The Museo di Storia Naturale di Firenze is a natural history museum in 6 major collections, located in Florence, Italy. It is part of the University of Florence. Museum collections are open mornings except Wednesday, and all day Saturday; an admission fee is charged.

The museum was established on February 21, 1775 by Grand Duke Pietro Leopoldo as the Imperial Regio Museo di Fisica e Storia Naturale. At that time it consisted of several natural history collections housed within the palazzo Torrigiani on Via Romana. Through the past two centuries, it has grown significantly and now forms one of the finest collections in Italy.

==Collections==
Today's collections are as follows:
- Giardino dei Semplici (Via Micheli, 3) - Europe's third oldest botanical garden, established in 1545, now containing some 9,000 plant specimens.

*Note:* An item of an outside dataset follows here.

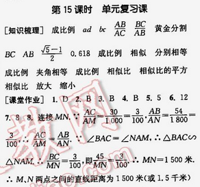 2016課時(shí)作業(yè)本九年級(jí)數(shù)學(xué)下冊(cè)江蘇版第6章第15課時(shí)

- Museo di Botanica (Via La Pira, 4) - a large herbarium of approximately 4 million specimens, including the historic collections of Andrea Cesalpino (1563), claimed to be the first scientific herbarium, Philip Barker Webb, and Odoardo Beccari.
- Museo di Geologia e Paleontologia (Via La Pira, 4) - About 200,000 specimens from the collections of noted geologists and paleontologists (Fucini, Dainelli, Marinelli, De Stefani, Stefanini, D'Ancona, Pecchioli). The vertebrate fossil collection (26,000 specimens) is of particular interest, with mammal fossils from the Pliocene and Pleistocene, primarily recovered from Tuscany and Valdarno, including Oreopithecus bambolii, anthropoid primates, and early elephant skeletons. The paleobotany collection includes a further 8,000 items.
- Museo di Mineralogia e Litologia (Via La Pira, 4) - About 50,000 specimens in a number of collections. Of particular interest are the earliest items from the Tribuna degli Uffizi (about 500 specimens), and the collection of Giovanni Targioni Tozzetti (about 5,000 items), cataloged in 12 manuscript volumes.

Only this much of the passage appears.